In Brazza as in Léo, West Africans were attracted by the establishment of the first Dutch and Belgian factories, in which they fulfilled the enviable and longed-for function of accountant. But they did not come alone, and, as the Bible says, they were accompanied by their maidservant, by their donkey, by their ox, but also by their music, by their culture.66

Actually, there were two groups of West Africans who came to inhabit the Lower Congo region. Those referred to as “Haoussa” included Ivorians, Senegalese, Mauritanians and Nigerians, who occupied office jobs, positions to which the Congolese were denied access. Those called “Krou-Boys” or "Kroumen" came as warehousemen of the merchant marines from Sierra Leone and Liberia (from the Kru people of the same countries). The Force Publique, or police and security forces, included men from Sierra Leone, Liberia, Zanzibar and Benin, chosen for police and military service, because colonial officials believed them less likely to desert, since the area was unfamiliar to them. Officials also hoped that, as they had no cultural bonds with the local society, they would less likely collude with locals against colonial authority.67 Inhabitants of many West African countries settled in the burgeoning cities along the Congo River. Together they were called “Coastmen” and “Popos” and formed a large community.68

The large-scale migration to cities precipitated cataclysmic upheavals in the terrain of identity-images.
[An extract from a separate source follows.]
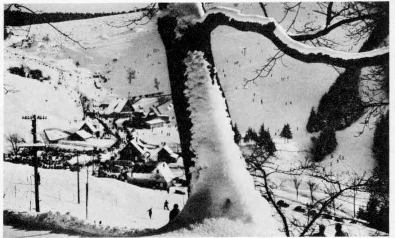
THE SKIING VILLAGE of St. Andreasberg, in the Harz Mountains, as seen during the tourist season.

I soon noticed that many girls were coming to school with arms bandaged from wrist to shoulder and wondered at this strange Berlin disease that often struck on test days. Excuses were interesting: they had to write too much homework; they had to carry too many books; they had inherited weak nerves from parents who had gone through harrowing nights of bombing. These seemed logical reasons and when I became better acquainted I recognized the students' sincerity. They were suffering from painful inflammation of nerves and were probably not even aware of its most obvious cause--pressure exerted by parents and teachers. Failing one subject or getting five (D) in two subjects meant repeating all the following year. A failure the second year resulted in being dropped from school and losing one's chance to attend university. Because there is considerable prestige attached to a university degree in Germany, parents supervise school work most carefully.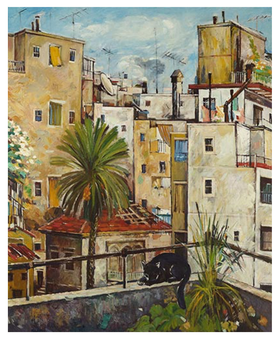
Hamra - Oil painting 110 x 90 cm

The ethnoscape of Léopoldville and Brazzaville after World War I became increasingly complex, as the multitudes mingled, withdrew into homogeneous enclaves, recirculated among one another in the job force, heard each other's musics, had the opportunity to eat each other's foods and wear each other's clothes, traveled to and from other homes in distant places, broke free of familial restrictions, assumed new obligations, and struggled to maintain a sense of dignity and hope while suffering destructive dehumanization. The challenge and celebration of survival in an environment as vertiginous and blinding as the twin cities stimulated the growth of arts awe-inspiring in their wit, creative use of restricted resources, piercing commentary and fierce dedication to the vision of a better life.